What happens in the brain of compulsive drug users?

UNIGE researchers have pinpointed the circuit of the brain that controls addictive behavior.

Section of a mouse brain showing in red the circuit that reinforces the behaviour, in green the circuit that reinforces the decision to continue. If the green projection is very active, the mice self-stimulate their red projection despite negative consequences. They become compulsive. © UNIGE
Section of a mouse brain showing in red the circuit that reinforces the behaviour, in green the circuit that reinforces the decision to continue. If the green projection is very active, the mice self-stimulate their red projection despite negative consequences. They become compulsive. © UNIGE

Addiction is a disease that develops in stages: it starts with the initial exposure to a substance followed by a phase where consumption remains controlled. Some individuals, however, will start using drugs compulsively in spite of the major negative effects it has on their lives. Clinical estimates suggest that only one person in five moves from controlled to compulsive use.

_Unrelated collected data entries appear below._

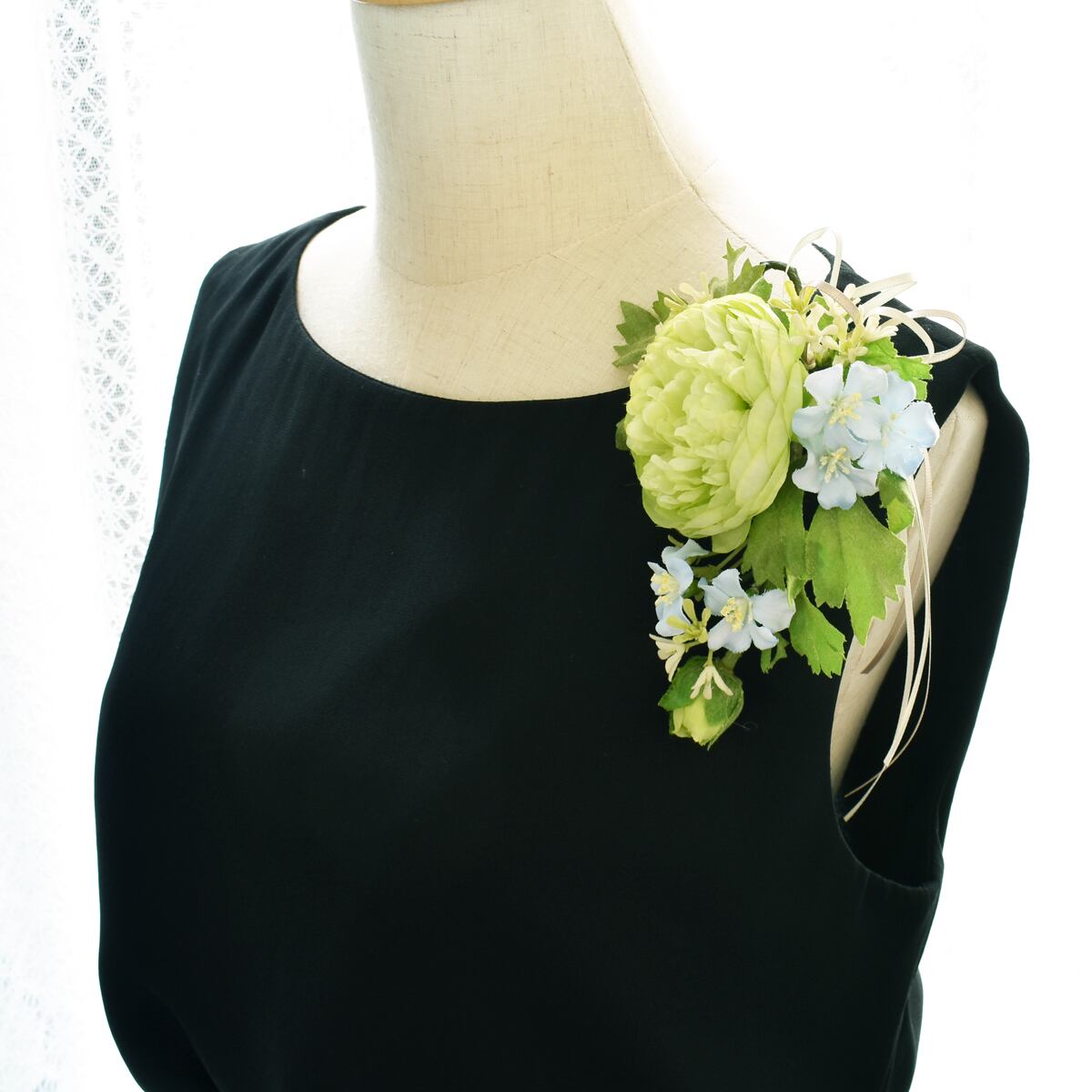大人の方が、派手になりすぎず、落ち着いた中にもかわいらしさのあるコサージュをと思って作りました。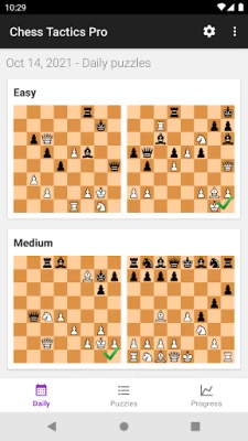 This tactic trainer lets you practice in 3 different modes: - Solve daily puzzles - Solve offline puzzle packs - Use the "Progress" mode to get random problems of your level and know your Elo rating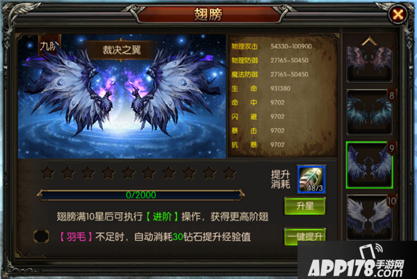 《奇迹无双》中有很多有特点的系统,翅膀可以说是游戏的特色系统了。

What happens in the brain of a compulsive drug user? What is the difference in brain function between an addict and a person who takes a drug in a controlled manner?

To find out the answer to these questions, UNIGE scientists have observed the difference in the rodent addiction model. They found that the brain circuit connecting the decision-making region to the reward system is stronger in compulsive animals.

Christian Lüscher, senior author and professor at the Departments of Basic and Clinical Neurosciences of the Faculty of Medicine said, “We do not know why one person becomes addicted to drugs while another doesn’t. But our study identifies the difference in brain function between the two behaviors.”

As a model of addiction, the scientists embedded mice with an optic fiber, which empowered the animal to animate its reward system situated at the highest point of the brainstem. Pressing a little switch turned on a laser whose light enacted a molecular change recently added to nerve cells. The very same cells are initiated by addictive drugs and are in charge of the behavioral reinforcement.

Scientists also found that by decreasing the activity of this circuit, compulsive mice were able to regain control and that conversely, by stimulating the connection a mouse that initially remained in control became addicted.

Vincent Pascoli, the study’s lead author said, “We then introduce a weak electric shock so that we could observe, which mice continued with the self-stimulation. This allowed us to identify the mice that had become compulsive. Forty percent of the animals quickly stopped activating the lever following the introduction of the punishment. But 60% paid no heed to the negative consequences and continued to stimulate their reward system.”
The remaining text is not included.